_Dataset excerpts_
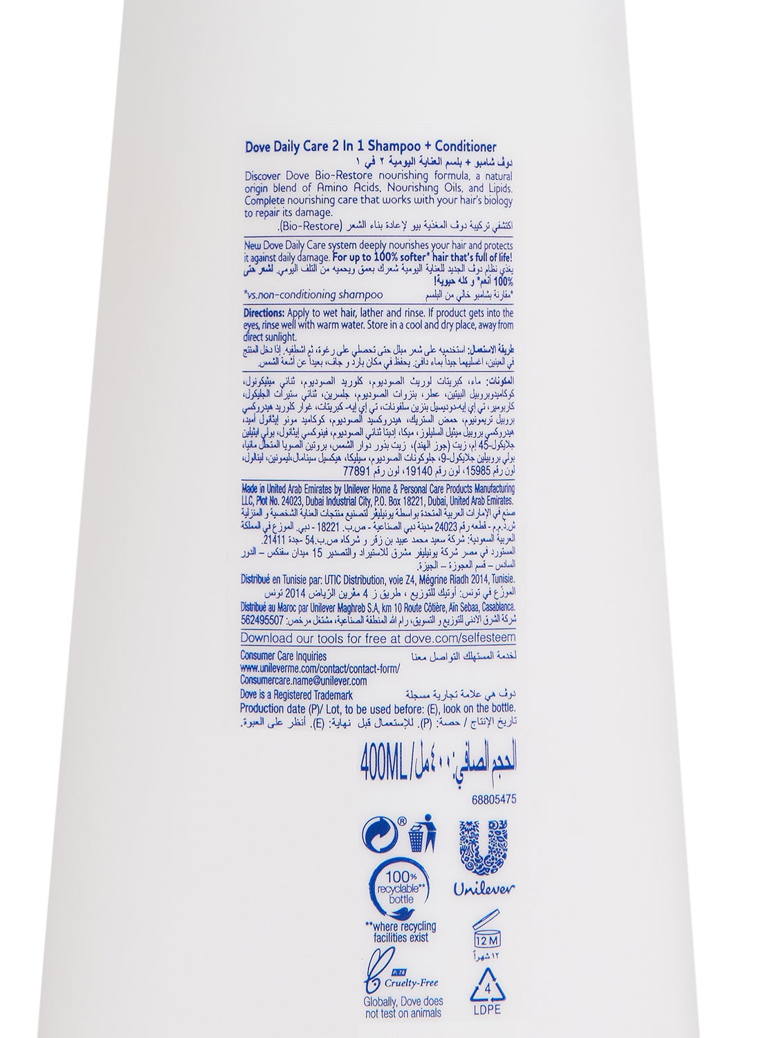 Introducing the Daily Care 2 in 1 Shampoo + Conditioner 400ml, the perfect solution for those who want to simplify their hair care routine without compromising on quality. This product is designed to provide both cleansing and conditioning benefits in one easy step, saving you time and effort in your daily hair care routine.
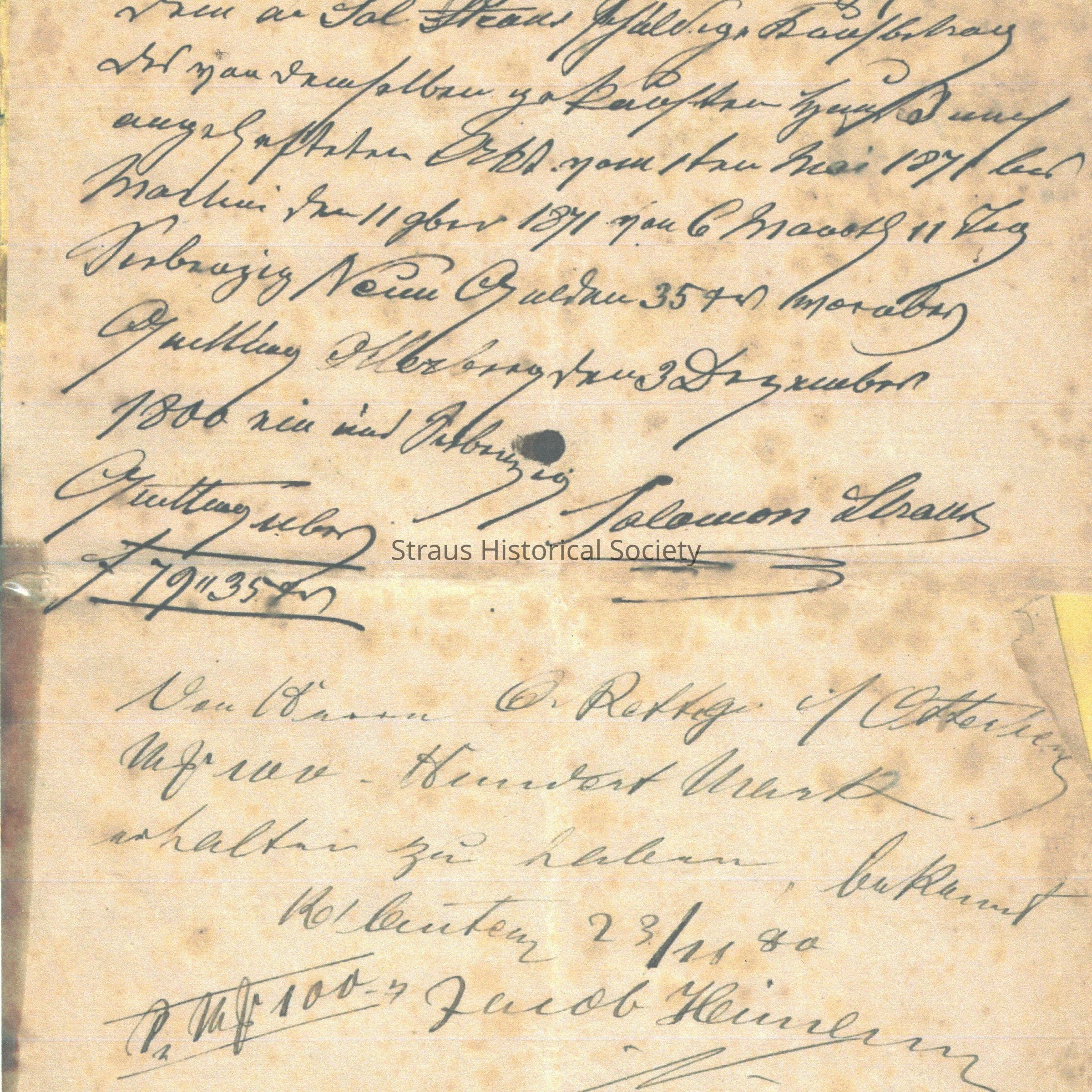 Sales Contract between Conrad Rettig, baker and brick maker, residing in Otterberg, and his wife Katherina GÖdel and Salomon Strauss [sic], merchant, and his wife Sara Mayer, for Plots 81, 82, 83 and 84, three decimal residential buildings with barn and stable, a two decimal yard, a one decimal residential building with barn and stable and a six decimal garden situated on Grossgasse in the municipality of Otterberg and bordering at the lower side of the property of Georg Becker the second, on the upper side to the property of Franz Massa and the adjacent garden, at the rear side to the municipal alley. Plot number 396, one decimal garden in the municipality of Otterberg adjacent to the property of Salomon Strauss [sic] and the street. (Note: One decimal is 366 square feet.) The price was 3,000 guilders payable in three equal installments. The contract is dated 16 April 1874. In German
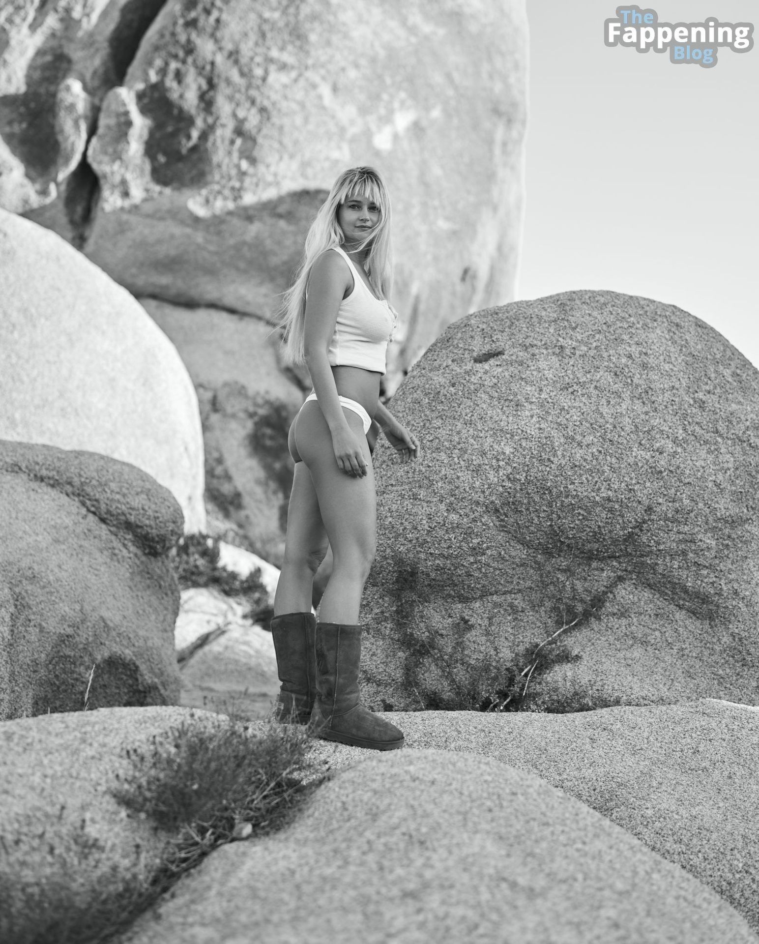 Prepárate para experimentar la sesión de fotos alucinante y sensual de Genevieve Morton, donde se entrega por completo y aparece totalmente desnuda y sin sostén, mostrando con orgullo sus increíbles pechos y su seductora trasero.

---

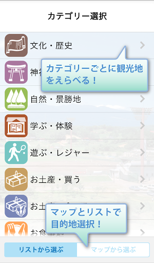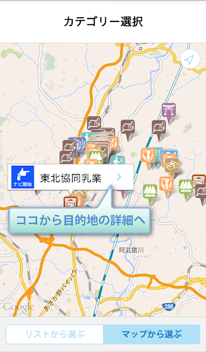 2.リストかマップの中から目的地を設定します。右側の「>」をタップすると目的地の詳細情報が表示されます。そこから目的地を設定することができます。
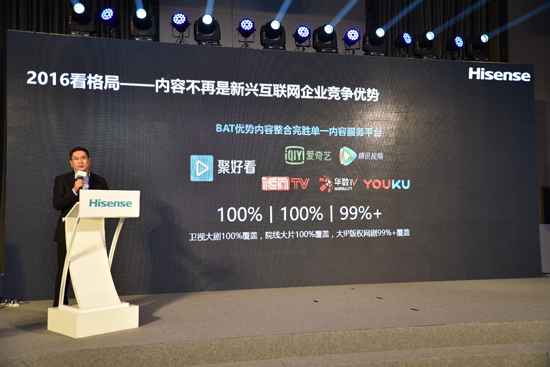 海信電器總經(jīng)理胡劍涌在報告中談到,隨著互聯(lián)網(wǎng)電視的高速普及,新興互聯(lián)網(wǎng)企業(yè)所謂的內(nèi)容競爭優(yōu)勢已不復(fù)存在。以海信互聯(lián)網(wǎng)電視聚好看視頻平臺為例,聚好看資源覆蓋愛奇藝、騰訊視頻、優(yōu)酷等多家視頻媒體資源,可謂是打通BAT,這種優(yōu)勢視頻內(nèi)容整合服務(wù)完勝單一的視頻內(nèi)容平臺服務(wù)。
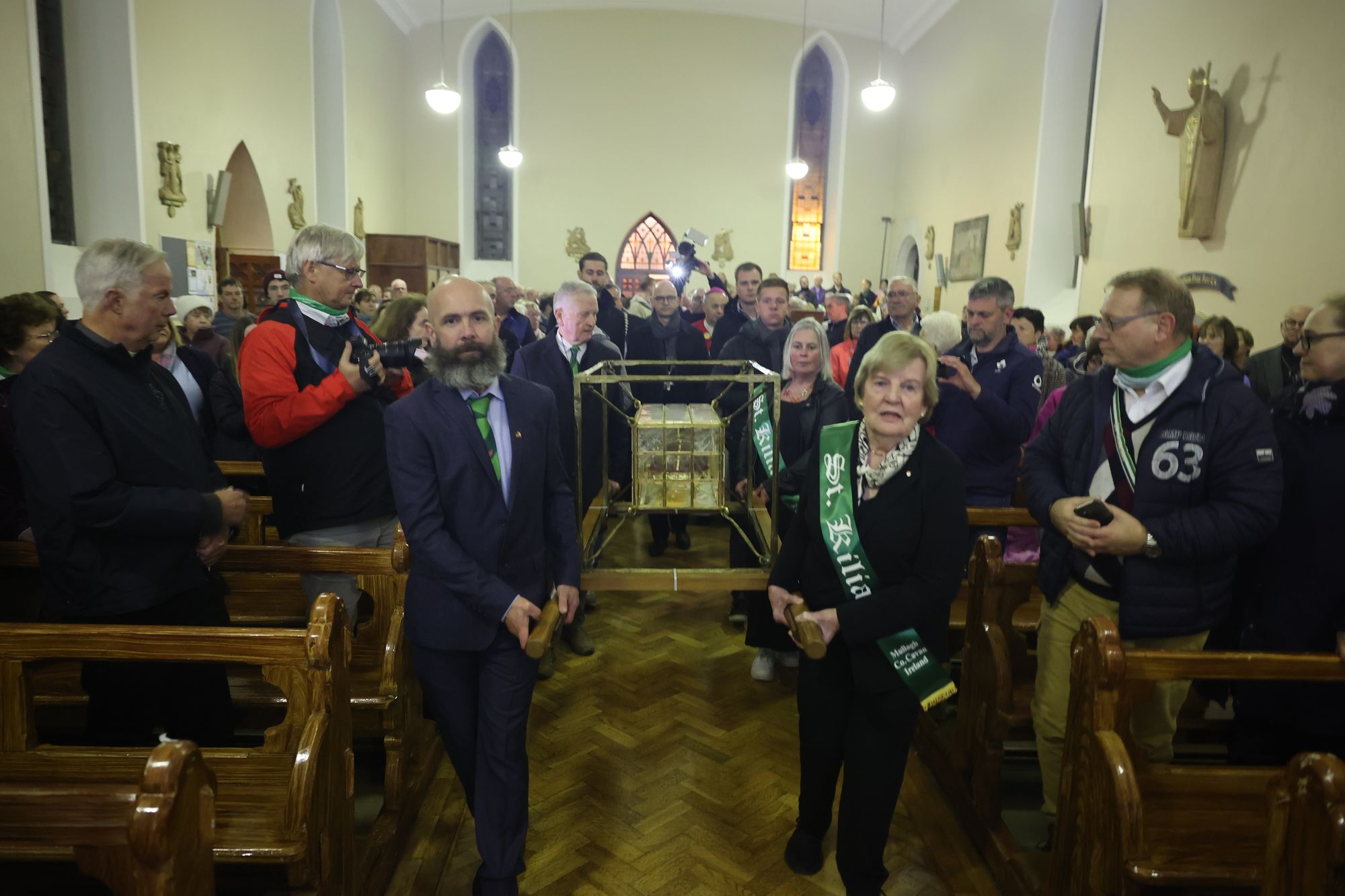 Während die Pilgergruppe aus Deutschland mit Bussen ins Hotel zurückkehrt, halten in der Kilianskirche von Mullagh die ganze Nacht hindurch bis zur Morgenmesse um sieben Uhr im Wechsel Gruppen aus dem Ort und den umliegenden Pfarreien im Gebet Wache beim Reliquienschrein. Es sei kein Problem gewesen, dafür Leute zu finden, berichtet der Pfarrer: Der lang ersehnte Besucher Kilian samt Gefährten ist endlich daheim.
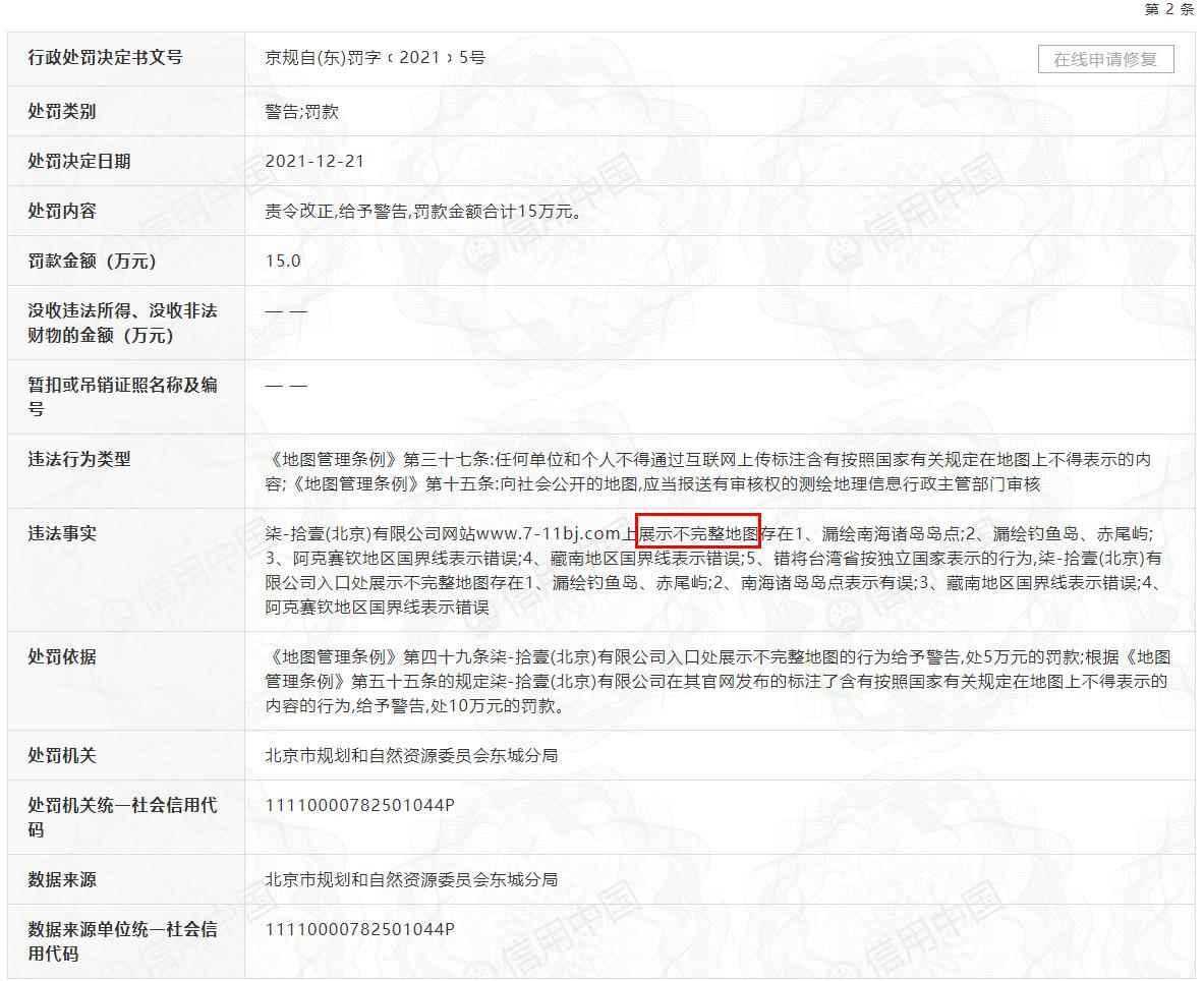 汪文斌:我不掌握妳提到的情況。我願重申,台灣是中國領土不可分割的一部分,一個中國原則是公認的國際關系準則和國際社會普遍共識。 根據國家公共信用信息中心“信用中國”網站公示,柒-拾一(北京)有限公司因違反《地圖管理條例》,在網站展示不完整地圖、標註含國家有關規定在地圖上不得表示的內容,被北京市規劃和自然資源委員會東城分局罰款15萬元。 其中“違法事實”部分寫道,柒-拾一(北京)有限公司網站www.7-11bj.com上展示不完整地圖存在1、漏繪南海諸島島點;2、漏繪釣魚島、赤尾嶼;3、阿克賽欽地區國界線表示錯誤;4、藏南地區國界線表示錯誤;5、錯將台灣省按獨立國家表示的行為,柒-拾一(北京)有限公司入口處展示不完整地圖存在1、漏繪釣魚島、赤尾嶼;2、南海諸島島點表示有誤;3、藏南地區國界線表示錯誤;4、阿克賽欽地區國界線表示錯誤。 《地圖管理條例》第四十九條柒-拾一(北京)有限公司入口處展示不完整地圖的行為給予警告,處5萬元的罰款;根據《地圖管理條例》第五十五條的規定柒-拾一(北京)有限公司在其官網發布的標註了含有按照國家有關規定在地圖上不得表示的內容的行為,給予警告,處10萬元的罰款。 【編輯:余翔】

_Task goal_
Take the entries above and copy exactly the lines starting at the one with "Sales Contract between" and ending at the one with "Prepárate para experimentar"; nothing outside that span, and no pictures.

_Response to the task_
 Sales Contract between Conrad Rettig, baker and brick maker, residing in Otterberg, and his wife Katherina GÖdel and Salomon Strauss [sic], merchant, and his wife Sara Mayer, for Plots 81, 82, 83 and 84, three decimal residential buildings with barn and stable, a two decimal yard, a one decimal residential building with barn and stable and a six decimal garden situated on Grossgasse in the municipality of Otterberg and bordering at the lower side of the property of Georg Becker the second, on the upper side to the property of Franz Massa and the adjacent garden, at the rear side to the municipal alley. Plot number 396, one decimal garden in the municipality of Otterberg adjacent to the property of Salomon Strauss [sic] and the street. (Note: One decimal is 366 square feet.) The price was 3,000 guilders payable in three equal installments. The contract is dated 16 April 1874. In German
 Prepárate para experimentar la sesión de fotos alucinante y sensual de Genevieve Morton, donde se entrega por completo y aparece totalmente desnuda y sin sostén, mostrando con orgullo sus increíbles pechos y su seductora trasero.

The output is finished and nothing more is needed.